- _Data excerpt_:
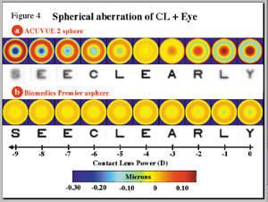 Figure 3. Only the Biomedics Premier aspheric lens effectively controls spherical aberration. |
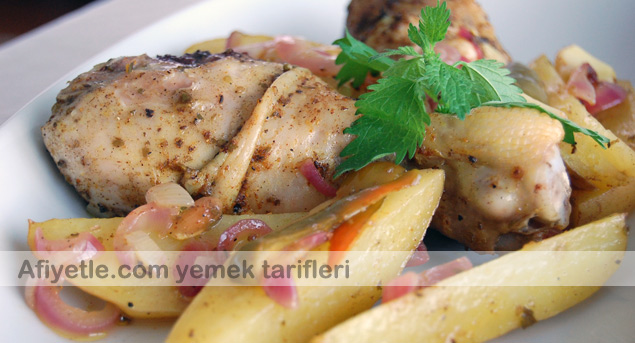 Tavuk kalçalarını iyice yıkayın ve tuz ve karabiber serperek baharatlandırın. Patates kabuğunu soyup yemeklik doğrayın.10 dakika bir tencerede bir...
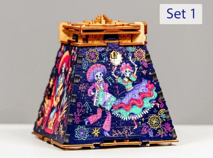 Transformez votre casse-tête iconique Pyramide du Soleil en un spectacle coloré grâce à l’extension thématique Jour des morts. Des pièces en bois découpées avec précision et une impression riche créent une nouvelle couche qui met en valeur le design de toute la pyramide et en fait une décoration hors du commun. L’extension est destinée exclusivement à l’apparence – elle n’intervient pas dans la solution du casse-tête d’origine.
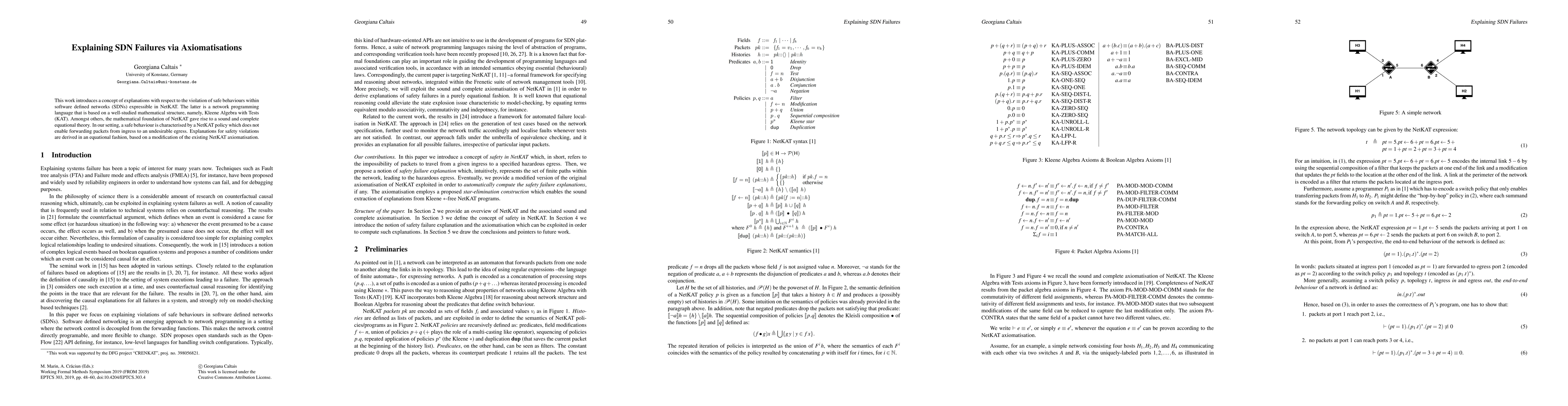 Researchers introduce a new method to explain failures in Software Defined Networks (SDNs) using NetKAT, a network programming language that provides an equational theory for safety violations. The approach uses a modified axiomatisation to derive explanations for safety violations.

- _What the exercise asks_:
Everything in the data except the pictures must appear in your answer unchanged.

- _Task result_:
 Figure 3. Only the Biomedics Premier aspheric lens effectively controls spherical aberration. |
 Tavuk kalçalarını iyice yıkayın ve tuz ve karabiber serperek baharatlandırın. Patates kabuğunu soyup yemeklik doğrayın.10 dakika bir tencerede bir...
 Transformez votre casse-tête iconique Pyramide du Soleil en un spectacle coloré grâce à l’extension thématique Jour des morts. Des pièces en bois découpées avec précision et une impression riche créent une nouvelle couche qui met en valeur le design de toute la pyramide et en fait une décoration hors du commun. L’extension est destinée exclusivement à l’apparence – elle n’intervient pas dans la solution du casse-tête d’origine.
 Researchers introduce a new method to explain failures in Software Defined Networks (SDNs) using NetKAT, a network programming language that provides an equational theory for safety violations. The approach uses a modified axiomatisation to derive explanations for safety violations.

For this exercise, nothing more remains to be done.